- Battle of Congaree Creek: Part of the American Civil War
| Date | February 15, 1865 |
| Location | Cayce, South Carolina33°57′38″N 81°02′17″W﻿ / ﻿33.96056°N 81.03806°W |
| Result | Union victory |

Belligerents
- United States (Union): Confederate States

Casualties and losses
- 20: Unknown

= Battle of Congaree Creek =

Battle of the American Civil War

The Battle of Congaree Creek (also known as the Skirmish at Congaree Creek) was a four-hour action that took place in the waning days of the American Civil War, fought in Lexington County, South Carolina, on February 15, 1865, just south of Columbia on the site of the former town of Granby.

==Battle==
The battle featured the Union's Army of the Tennessee against the Confederacy's Army of Tennessee meeting at a half-mile-long earthwork erected by Southern forces near the Old State Road Bridge over Congaree Creek. Confederate General George Dibrell's dismounted cavalry brigade, supported by infantry and artillery, manned the earthworks, but General Charles Woods' 1st Division of General John A. Logan's XV Corps pushed skirmishers ahead while one of Woods' brigades crossed upstream and turned the Southerners' right flank.
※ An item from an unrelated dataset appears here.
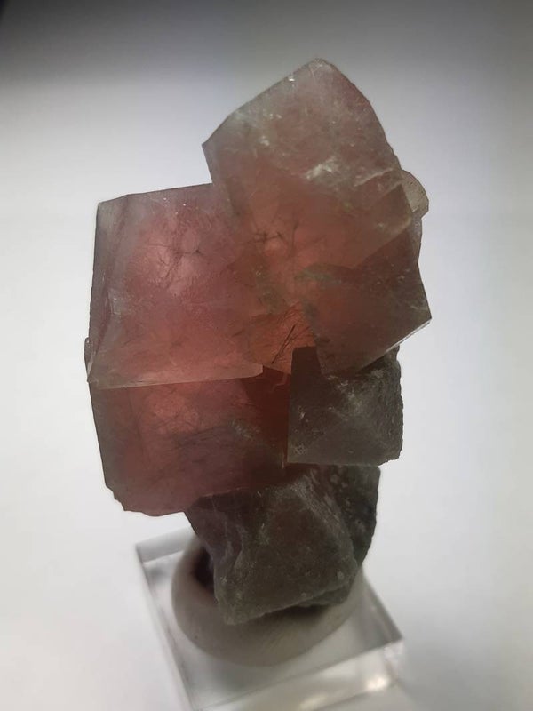 Here we have a very sharply floating cluster of translucent pink fluorite octahedrons with great faces from that famous 2019 (limited) find at the Huanggang mines!

Dibrell's force withdrew from Congaree Creek and then from its earthworks, retreating to Columbia. Though the Confederates set fire to the bridge, the Federals saved it and made their camp nearby that night, according to a historical marker erected at the site by the 15th Regiment S.C. Volunteer Camp of the Sons of Confederate Veterans.

==Aftermath==
Two days later, Union General William T. Sherman's army advanced to Columbia.